*PROBLEM DETAILS*
Present each line of the entries below that holds the word "الإمارات".

*** Block opens ***

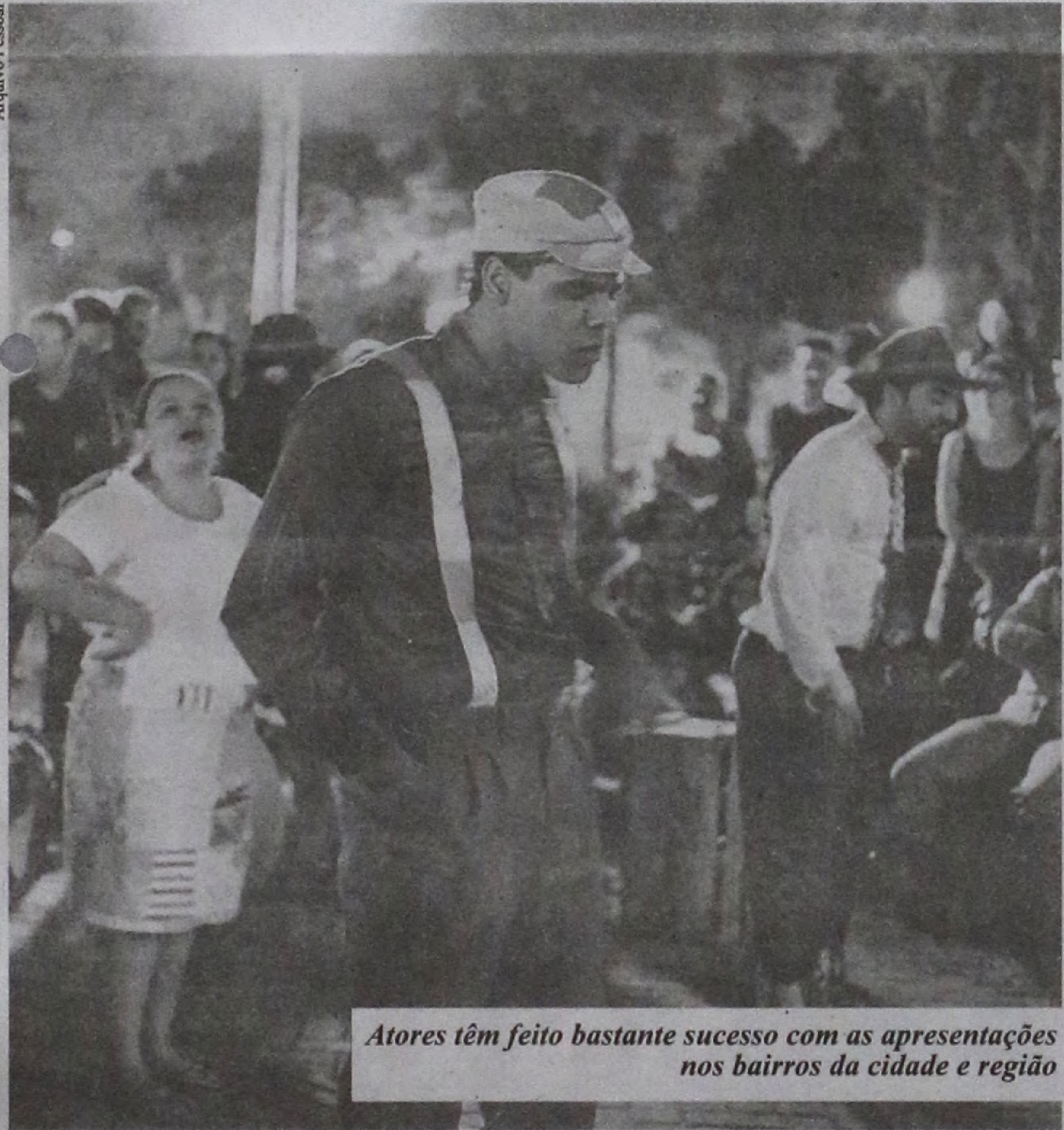
Atores têm feito bastante sucesso com as apresentações nos bairros da cidade e região

"A dança transforma. Toda pessoa que dança é mais feliz. Dançando é possível fazer novos amigos e interagir com as pessoas. Podemos cantar, dar boas risadas e se divertir praticando essa atividade", finaliza a professora.
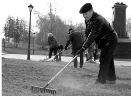
НА ФОТО: СУББОТНИК ВОЗГЛАВИЛ МЭР

Первомайский район. После схода снега коммунисты увидели, что памятник Ленину в сквере им. АКСЕНОВА пришел в удручающее состоя-
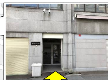
ホリノビル入口 EVで3Fへ
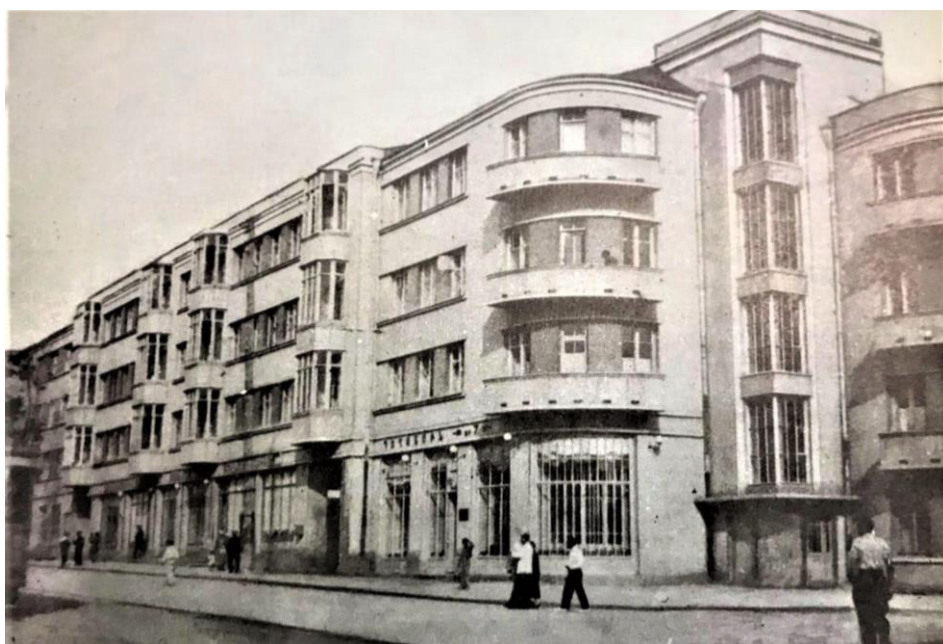
Ил. 1. Жилой район для рабочих завода Синтетического каучука (СК)

Это исходило из периода учебы М. Мазмания во ВХУТЕМАС, в середине 1920-х годов, когда в Армении складывалось течение «нео-армянский стиль», где основой творческой концепцией являлось стремление объединить местные традиционные архитектурные формы и декор с композиционными приемами классицизма (ил. 1, 2).
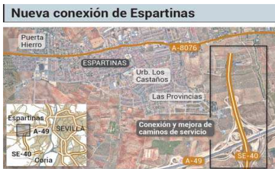
GRÁFICO: Dpto. Infografía.
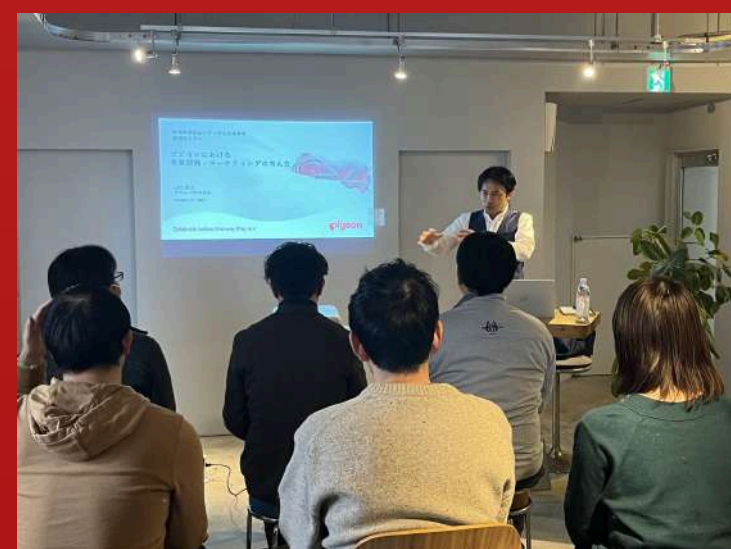
令和7年1月21日 特別セミナー 「ビジョンにおける事業開発・マーケティングの考え方」
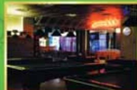
«Гермес» ТРК «Дыбенко» Метро «Улица Дыбенко», пр. Большевиков, д. 18 Тел.: 333-16-06
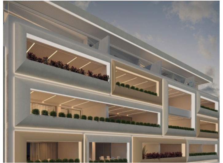
Außenansicht der Luxusapartments
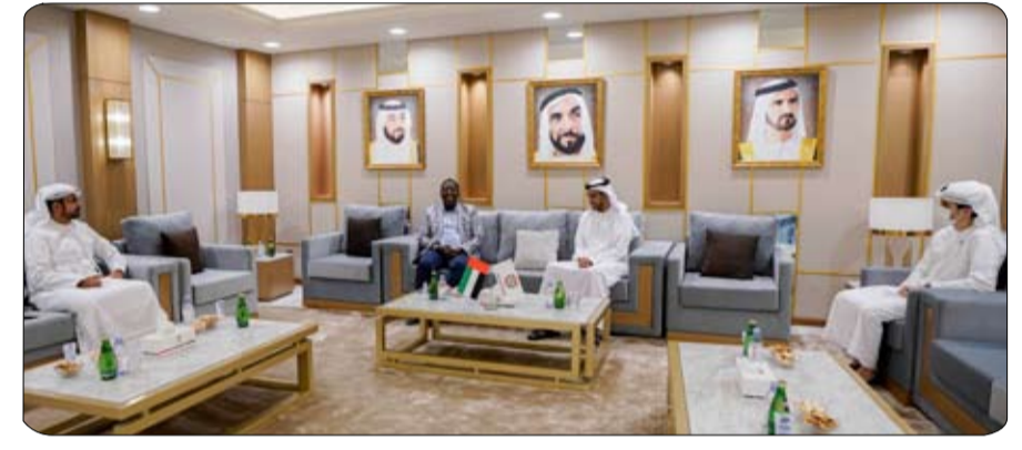
التقى محمد عبدالله هزام الظاهري الأمين العام لاتحاد الإمارات لكرة القدم أمس في مقر الاتحاد بدبي الدكتور حسن محمد عبدالله برفو عضو مجلس إدارة الاتحاد السوداني لكرة القدم، رئيس لجنة المنتخبات الوطنية الذي يزور البلاد حالياً. ونقل برفو تحيات الدكتور كمال

شداق رئيس الاتحاد السوداني إلى الشيخ راشد بن محمد التعيبي رئيس اتحاد الإمارات لكرة القدم عبر رسالة رسمية سلمها إلى الأمين العام. ويحث اللقاء سبل تعزيز التعاون المشترك بين الاتحادين الشقيقين على كافة المستويات الفنية والإدارية وتبادل الخبرات، من خلال إقامة الدورات والورش التدريبية المشتركة،
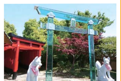
ガラスの鳥居が魅力の 神徳稲荷神社(鹿屋市)
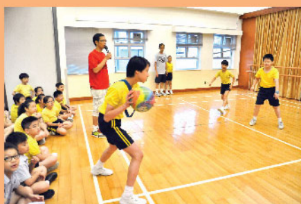
▲ 學生在活動中心進行閃避球比賽

小息期間，禮堂設跳繩區及呼拉圈區，讓學生進行運動。課前設有健康加油站，在操場、百周年紀念廣場、學生活動中心等地方，提供跳繩、呼拉圈、健康舞、羽毛球、緩步跑及籃球等體育活動，進一步推廣運動訊息，成為活力校園。
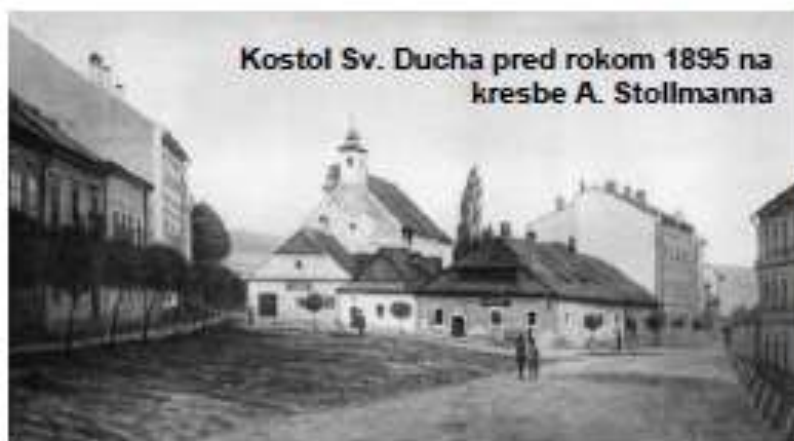
Kostol Sv. Ducha pred rokom 1895 na kresbe A. Stollmanna

Kostol, či skôr malý kostolík Sv. Ducha stál len niekoľko metrov od mestských hradieb. Svojou veľkosťou a dispozíciou by sme ho mohli prirovnať ku kostolu sv. Alžbety v Dolnej ulici, od ktorého bol len o málo väč-
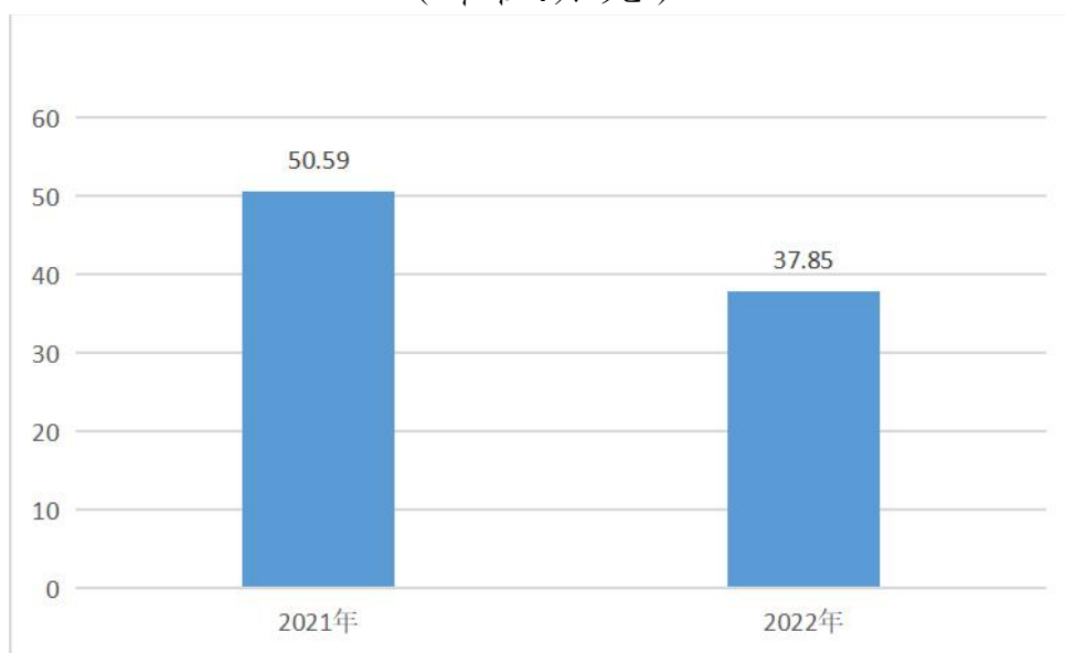
图 5：财政拨款支出决算变动情况 (单位:万元)

2022年度财政拨款支出 37.85 万元，占本年支出的 8.47%。与 2021年度相比，财政拨款支出减少 12.74 万元，下降 67.88%。
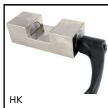
HK Accessoire de serrage manuel, Serrage manuel LRX
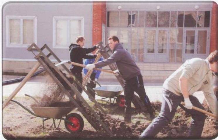
А мы землю сеяли, сеяли и от мусора просяеали...

городка. Организаторы постарались, ребята горели энтузиазмом, танцевали, подпевали, бодро пританцовывал и сам Иван Фёдорович. Номера успешно собрали обширную публику. Постаралась и съёмочная часть нашего медиацентра — видео и фото были сняты. И как в последнее время повелось, финишировали зажигательным флешмобом от

*** Block closes ***

*SOLUTION TO THIS EXERCISE*
التقى محمد عبدالله هزام الظاهري الأمين العام لاتحاد الإمارات لكرة القدم أمس في مقر الاتحاد بدبي الدكتور حسن محمد عبدالله برفو عضو مجلس إدارة الاتحاد السوداني لكرة القدم، رئيس لجنة المنتخبات الوطنية الذي يزور البلاد حالياً. ونقل برفو تحيات الدكتور كمال
شداق رئيس الاتحاد السوداني إلى الشيخ راشد بن محمد التعيبي رئيس اتحاد الإمارات لكرة القدم عبر رسالة رسمية سلمها إلى الأمين العام. ويحث اللقاء سبل تعزيز التعاون المشترك بين الاتحادين الشقيقين على كافة المستويات الفنية والإدارية وتبادل الخبرات، من خلال إقامة الدورات والورش التدريبية المشتركة،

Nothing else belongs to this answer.